Repeat the data exactly. Pictures stay out.
+--
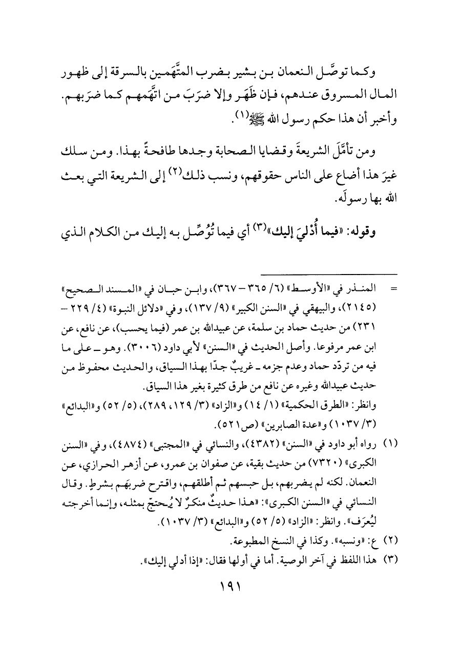 وكما توصَّل النعمان بن بشير بضرب المتَّهَمين بالسرقة إلى ظهور المال المسروق عندهم، فإن ظَهَر وإلا ضرَبَ من اتَّهَمهم كما ضرَبهم. وأخبر أن هذا حكم رسول الله - صلى الله عليه وسلم - (¬١).
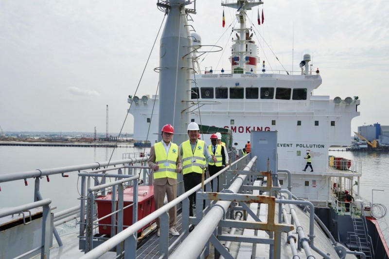 活动以隆重的启航仪式拉开序幕。随后,出席领导与嘉宾实地参观了黑角港口储气库核心设施,深入了解其在接收、储存、技术应用、运营安全控制方面的能力,并登上“MT KINGSTON”船进行现场考察。
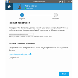6. If you have not already done so, Garmin Express will then prompt you through the registration process step by step.
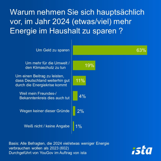 Während als Motivation fürs Energiesparen im kommenden Jahr 19 Prozent den Umwelt- und Klimaschutz nennen – im Vorjahr waren es 11 Prozent –, bleibt die Hauptmotivation für 63 Prozent der Deutschen der Kostenaspekt.
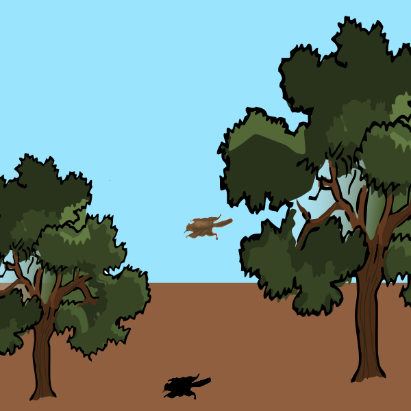 This features a scene with two flying creatures, possibly birds or squirrels, soaring through the air. One of them is closer to the ground while the other one is higher up in the sky. They are surrounded by trees, creating a lush and natural environment for their flight. There are several trees visible in the image, with some being taller than others, providing a diverse landscape for these creatures to navigate through. The overall atmosphere of the scene suggests an outdoor adventure or exploration for these flying animals.
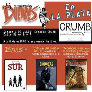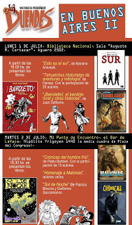 Cronograma:Lunes 1º de julio, en la Biblioteca Nacional, Agüero 2502, a partir de las 18:00 horas:Presentación de los libros Esto es el sur, de Mariano Antonelli; Tehuelches. Historietas de aventuras y mitología, de Oenlao y con la participación de 20 autores; y ¡Bairoletto!, el bandido rural y otras historias (ver http://labitacorademaneco.blogspot.com.ar/2013/03/lugar-comun-la-muerte.html), de Juan Dalfiume.Martes 2 de julio, en Mu Punto de encuentro. El bar de lavaca, Hipólito Yrigoyen 1440 (a media cuadra de la Plaza del Congreso), a partir de las 18:30 horas:Presentación de los libros Crónicas del Hombre Frío, de Pablo Barbieri y con la participación de 15 autores; Homenaje a Malvinas (ver http://labitacorademaneco.blogspot.com.ar/2013/05/la-perdida-perla-austral.html); y Sol de Noche (ver http://labitacorademaneco.blogspot.com.ar/2013/01/para-la-libertad.html), de Guillermo Saccomanno y Patricia Breccia.
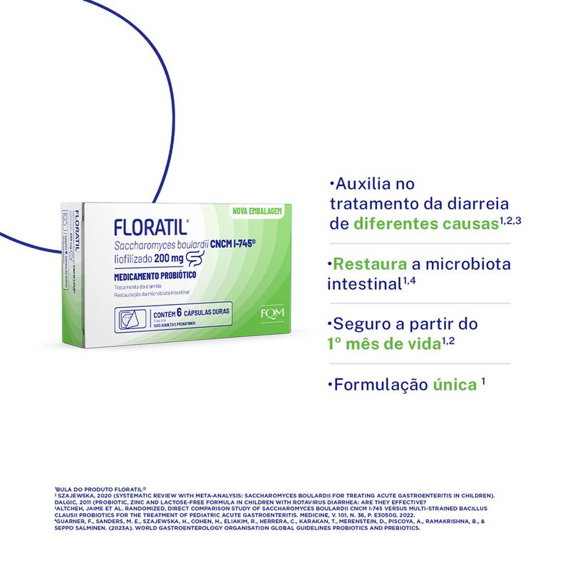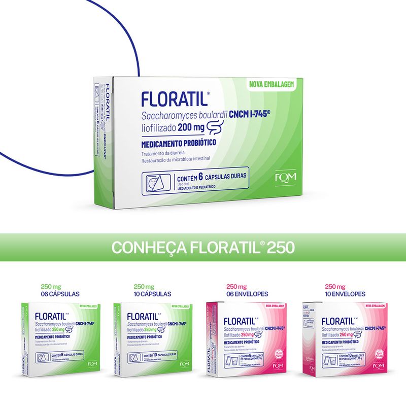 Cada cápsula contém 200mg de Saccharomyces boulardii CNCM I-745, com no mínimo 1 x 109 células, além de excipientes como estearato de magnésio e lactose. O produto é indicado para uso oral, sem sabor, e não possui tarja. É contraindicado para pessoas com alergia à substância ativa ou a qualquer componente da fórmula, e deve ser usado com cautela por diabéticos devido à presença de açúcar e lactose. Floratil é um probiótico confiável, com ação específica na saúde gastrointestinal, indicado para adultos e crianças, disponível em embalagem com 6 cápsulas.
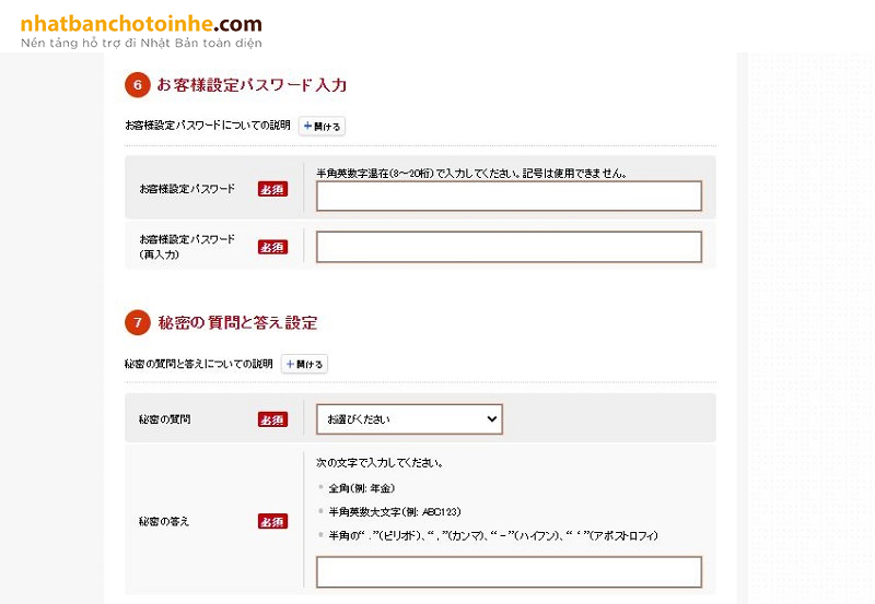 6. お客様設定パスワード入力: Cài đặt mật khẩu để đăng nhập Nenkin Net
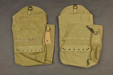 Pochettes médicale US vides. Deux pochettes en forte toile OD. Les attaches sont présentes. Toutes les sangle sont manquantes. Réutilisation par l’armée française. Vides. A noter une certaine usure et patine des pièces, ainsi que des tâches. Etat II+.
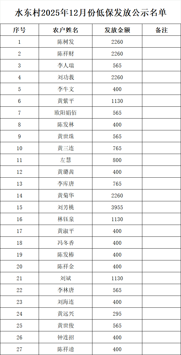 水東村2025年12月份低保發放公示名單
+--
• YOUR RESPONSE:
 وكما توصَّل النعمان بن بشير بضرب المتَّهَمين بالسرقة إلى ظهور المال المسروق عندهم، فإن ظَهَر وإلا ضرَبَ من اتَّهَمهم كما ضرَبهم. وأخبر أن هذا حكم رسول الله - صلى الله عليه وسلم - (¬١).
 活动以隆重的启航仪式拉开序幕。随后,出席领导与嘉宾实地参观了黑角港口储气库核心设施,深入了解其在接收、储存、技术应用、运营安全控制方面的能力,并登上“MT KINGSTON”船进行现场考察。
6. If you have not already done so, Garmin Express will then prompt you through the registration process step by step.
 Während als Motivation fürs Energiesparen im kommenden Jahr 19 Prozent den Umwelt- und Klimaschutz nennen – im Vorjahr waren es 11 Prozent –, bleibt die Hauptmotivation für 63 Prozent der Deutschen der Kostenaspekt.
 This features a scene with two flying creatures, possibly birds or squirrels, soaring through the air. One of them is closer to the ground while the other one is higher up in the sky. They are surrounded by trees, creating a lush and natural environment for their flight. There are several trees visible in the image, with some being taller than others, providing a diverse landscape for these creatures to navigate through. The overall atmosphere of the scene suggests an outdoor adventure or exploration for these flying animals.
 Cronograma:Lunes 1º de julio, en la Biblioteca Nacional, Agüero 2502, a partir de las 18:00 horas:Presentación de los libros Esto es el sur, de Mariano Antonelli; Tehuelches. Historietas de aventuras y mitología, de Oenlao y con la participación de 20 autores; y ¡Bairoletto!, el bandido rural y otras historias (ver http://labitacorademaneco.blogspot.com.ar/2013/03/lugar-comun-la-muerte.html), de Juan Dalfiume.Martes 2 de julio, en Mu Punto de encuentro. El bar de lavaca, Hipólito Yrigoyen 1440 (a media cuadra de la Plaza del Congreso), a partir de las 18:30 horas:Presentación de los libros Crónicas del Hombre Frío, de Pablo Barbieri y con la participación de 15 autores; Homenaje a Malvinas (ver http://labitacorademaneco.blogspot.com.ar/2013/05/la-perdida-perla-austral.html); y Sol de Noche (ver http://labitacorademaneco.blogspot.com.ar/2013/01/para-la-libertad.html), de Guillermo Saccomanno y Patricia Breccia.
 Cada cápsula contém 200mg de Saccharomyces boulardii CNCM I-745, com no mínimo 1 x 109 células, além de excipientes como estearato de magnésio e lactose. O produto é indicado para uso oral, sem sabor, e não possui tarja. É contraindicado para pessoas com alergia à substância ativa ou a qualquer componente da fórmula, e deve ser usado com cautela por diabéticos devido à presença de açúcar e lactose. Floratil é um probiótico confiável, com ação específica na saúde gastrointestinal, indicado para adultos e crianças, disponível em embalagem com 6 cápsulas.
 6. お客様設定パスワード入力: Cài đặt mật khẩu để đăng nhập Nenkin Net
 Pochettes médicale US vides. Deux pochettes en forte toile OD. Les attaches sont présentes. Toutes les sangle sont manquantes. Réutilisation par l’armée française. Vides. A noter une certaine usure et patine des pièces, ainsi que des tâches. Etat II+.
 水東村2025年12月份低保發放公示名單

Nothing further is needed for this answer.